Rails 7 allows passing raw SQL as `on_duplicate` value to `#upsert_all`


We often come across cases in the Rails application where we need to bulk-insert records. Rails 6 introduced insert_all and upsert_all methods to solve bulk import issues.

upsert_all is nothing but a combination of update + insert. In case a record exists, it is updated with the new attributes, or a new record is inserted.

Before

In Rails 6, we can pass returning and unique_by options to the upsert_all method.

returning option expects an array of model attributes that should be returned for all successfully inserted/updated records.

Let’s say we have a Commodity model with three attributes id, name and price. We want to bulk import three rows of the Commodity model and pass returning option that returns name and price of the updated attributes. The code to do the above steps will be as shown below:

result = Commodity.upsert_all(
          [
            { id: 1, name: "Crude Oil", price: 51.27 },
            { id: 2, name: "Copper", price: 2.84 },
            { id: 4, name: "Gold", price: 1480.35 }
          ],
        )

# Bulk Update (2.3ms) INSERT INTO "commodities" ("id", "name","price")

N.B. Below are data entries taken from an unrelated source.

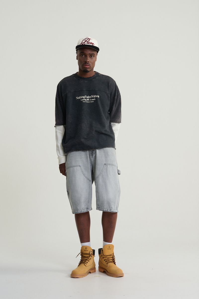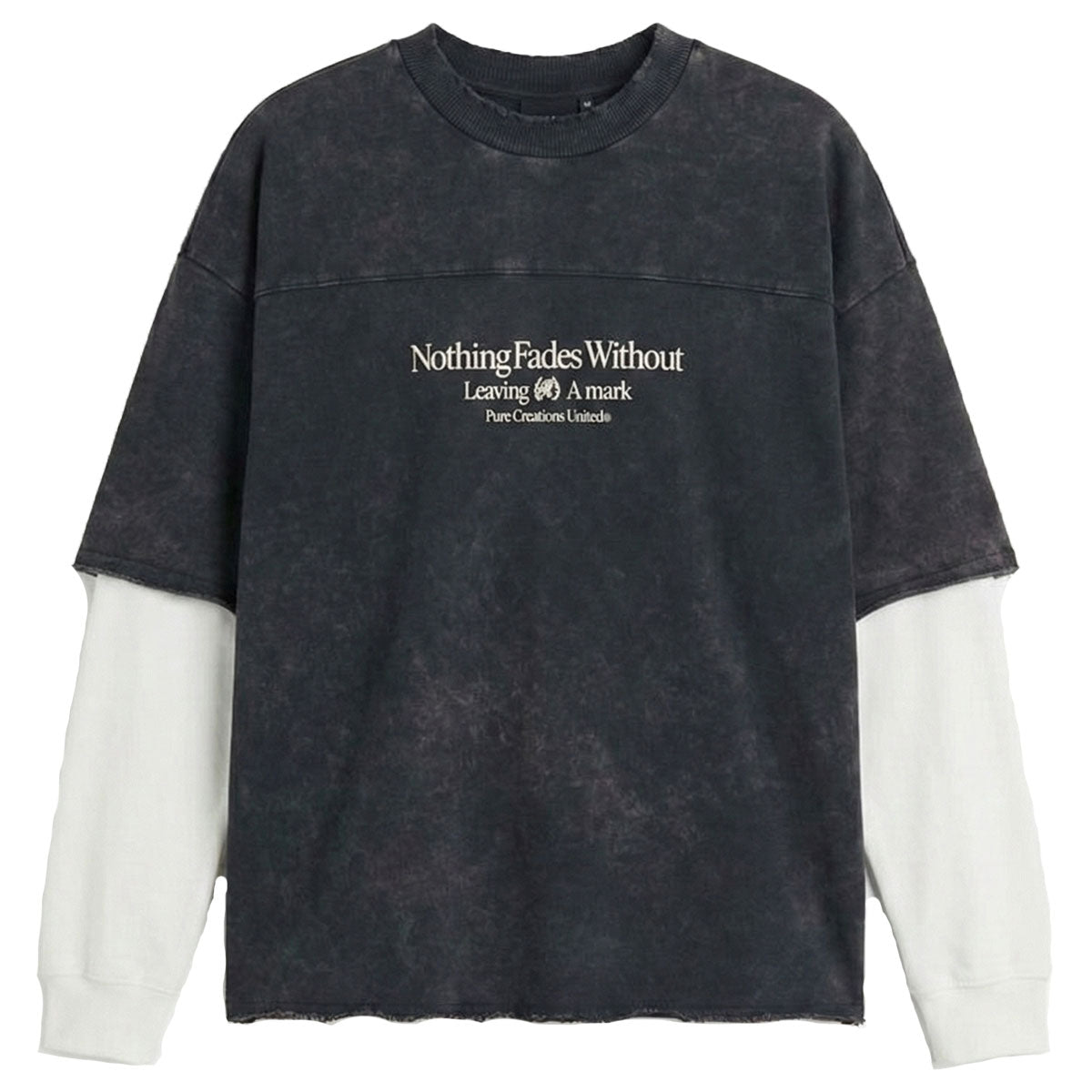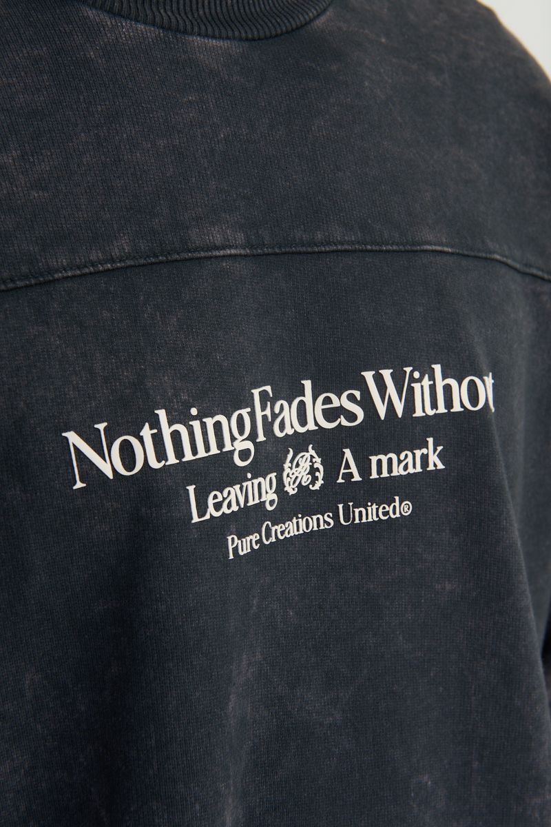 This washed black long sleeve t-shirt from Pure features a 3D slogan graphic on front and a rustic black graphic on rear.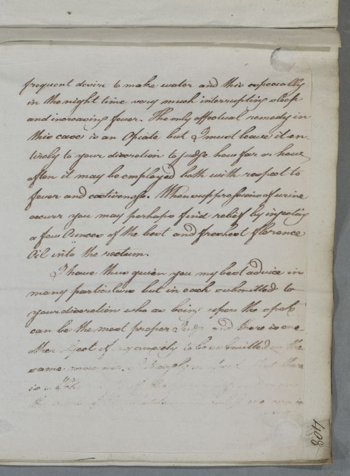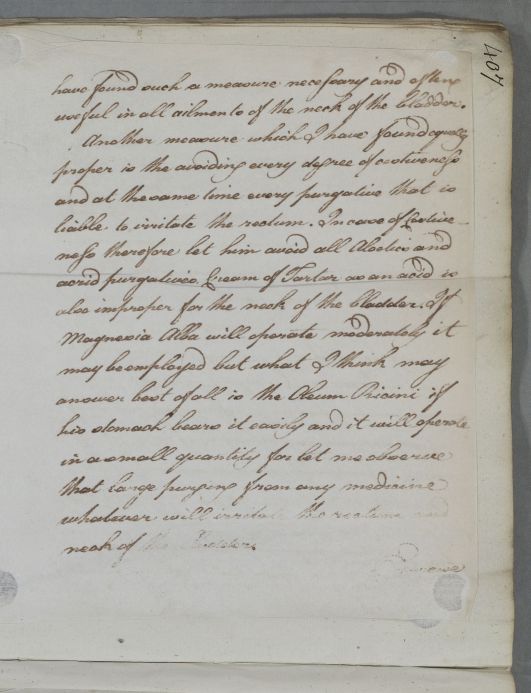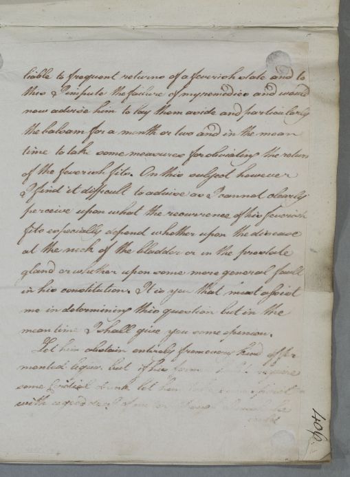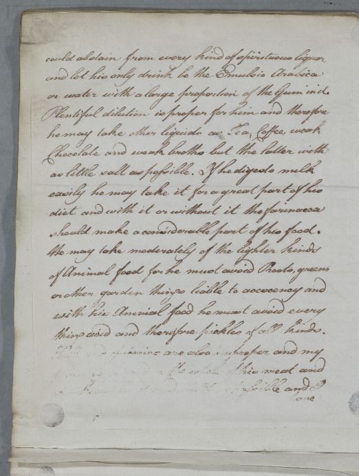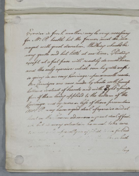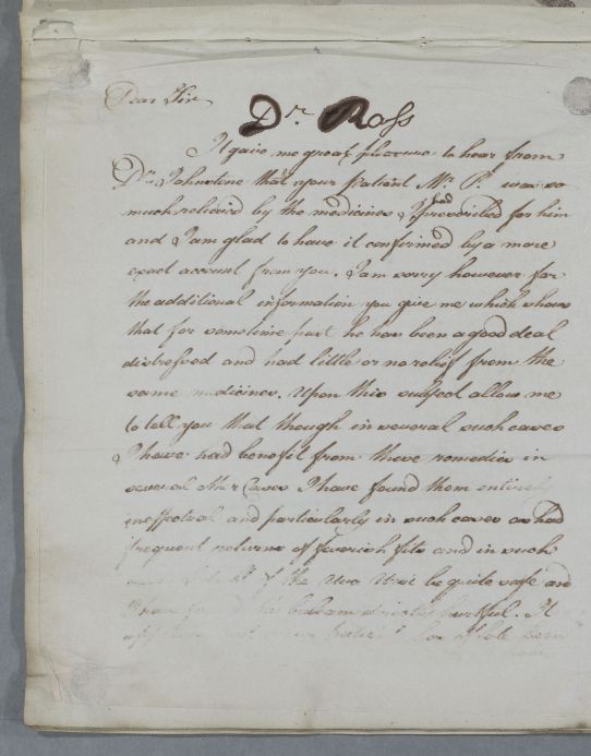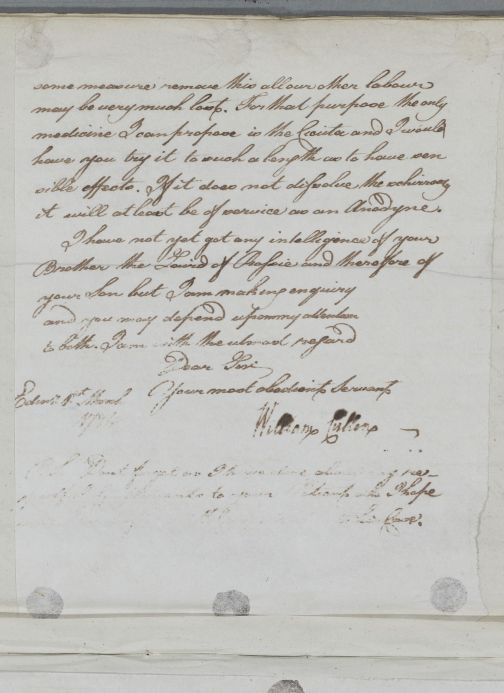 | Summary | Reply, 'Dr Ross'. Cullen says that he has heard from Dr Johnstone concerning 'your patient Mr. P.' (John Parish). He gives dietary advice and also advice on use of a carriage for exercise, describing the springing of carriages used in Britain (presumably different from that used in Germany). He now suspects 'a Schirrosity of the Prostate Gland near the neck of the Bladder' and advises the use of Cicuta. He tells Ross he has not yet had any news regarding his son or his brother, Hercules Ross of Rossie. |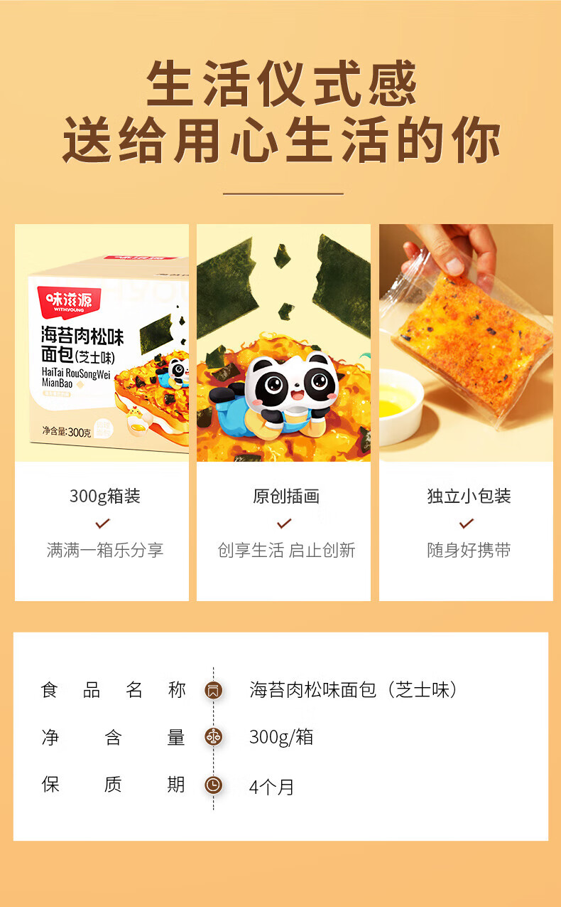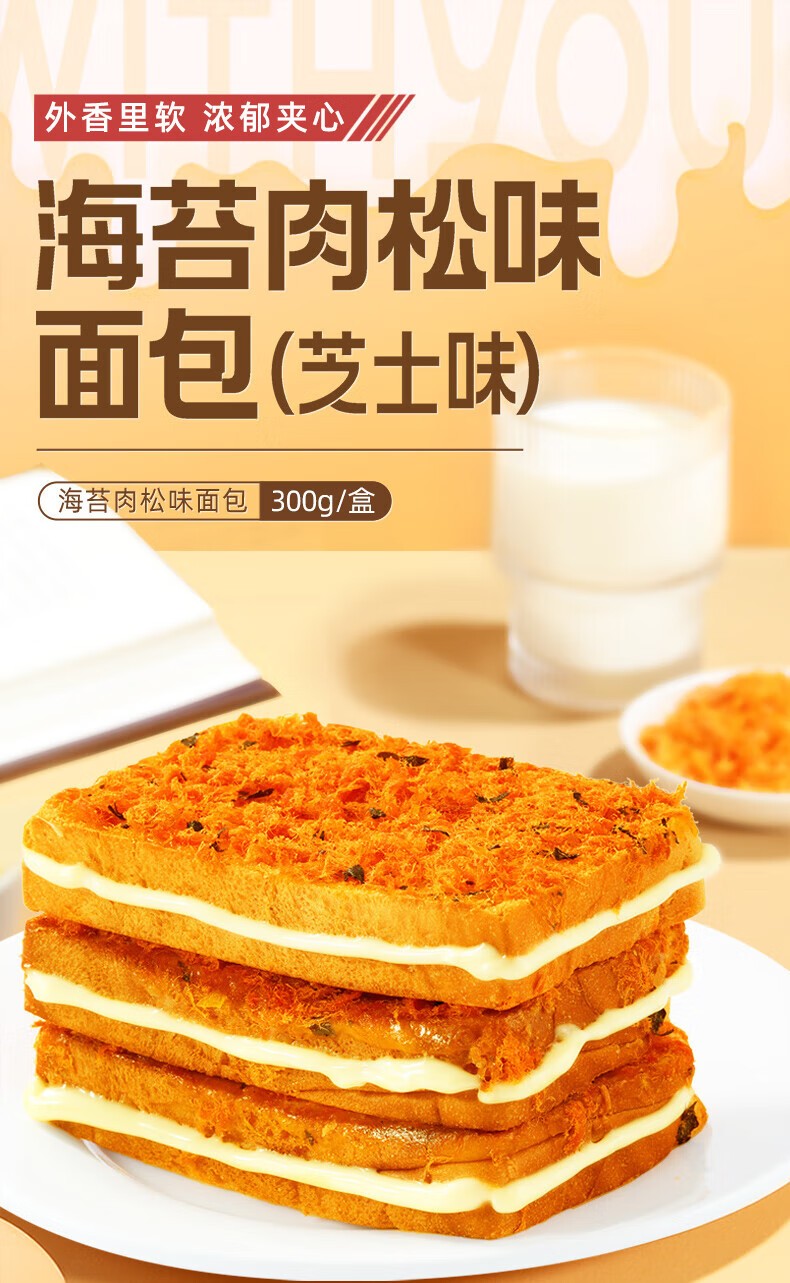 味滋源 乳酸菌小口袋夹心面包休闲零食早餐食品乳酸菌小口袋面包300g×2箱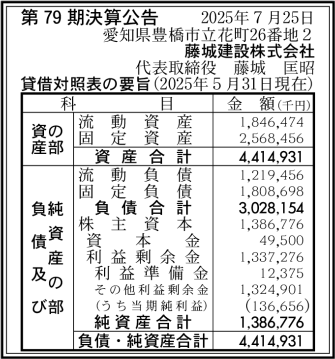 | 会社名 | 藤城建設株式会社 |

# VALUES(1, "Crude Oil", 51.27...)

# RETURNING "name", "price"


puts result.inspect

#<ActiveRecord::Result:0x00007fb6612a1ad8 @columns=["id", "name", "price"], @rows=[[1, "Crude Oil", 51.27]....],

@hash_rows=nil, @column_types=...>

puts result.rows

[[1, "Crude Oil", 51.27], [2, "Copper", 2.84], [4, "Gold", 1480.35]]

By default in Rails 6, when we pass a duplicate record to upsert_all, it will update the record with new attributes. In few scenarios, we might want to raise an error when duplicate records are passed, or fire our custom SQL query.

If we try to pass on_duplicate option to upsert_all method it would raise the below error:

result = Commodity.upsert_all(
          [
            { id: 1, name: "Crude Oil", price: 51.27 },
            { id: 2, name: "Copper", price: 2.84 },
            { id: 4, name: "Gold", price: 1480.35 }
          ],
          on_duplicate: :raise
        )

ArgumentError (unknown keyword: :on_duplicate)

After

To resolve the above issue, Rails 7 added on_duplicate option to upsert_all method. The change also allows us to pass raw SQL queries to on_duplicate and returning options.

Continuing with the Commodity example, let’s say we want to set the higher price of the commodity, in case we try to upsert duplicate records. We can pass a custom SQL query to the on_duplicate option which sets the higher price of the commodity.

Commodity.upsert_all(
  [
    { id: 2, name: "Copper", price: 4.84 },
    { id: 4, name: "Gold", price: 1380.87 },
    { id: 6, name: "Aluminium", price: 0.35 }
  ],
  on_duplicate: Arel.sql("price = GREATEST(commodities.price, EXCLUDED.price)")
)

Commodity.find_by_name("Copper").price
=> 4.84

Commodity.find_by_name("Gold").price
=> 1480.35

As seen above, the Copper price is updated to 4.84 as it is higher when compared to 2.84, but the Gold price remains the same.

Similarly, we can pass a custom query to the returning option.

Commodity.upsert_all(
  [
    { id: 2, name: "Copper", price: 4.84, created_at: Time.now, updated_at: Time.now  },
    { id: 4, name: "Gold", price: 1380.87, created_at: Time.now, updated_at: Time.now  },
    { id: 8, name: "Steel", price: 1.35, created_at: Time.now, updated_at: Time.now  }
  ],
  returning: Arel.sql("id, (xmax = '0') as inserted, name as new_name")
)

=> <ActiveRecord::Result:0x00007f9a3061ee38 @columns=["id", "inserted", "new_name"], @rows=[[2, false, "Copper"], [4, false, "Gold"], [8, true, "Steel"]], @hash_rows=nil, @column_types={}>

As seen xmax = '0' is true when records are inserted and false for existing records.

Note:

The above changes will not be applicable for all types of databases. returning option is supported in PostgreSQL but not in SQLite3.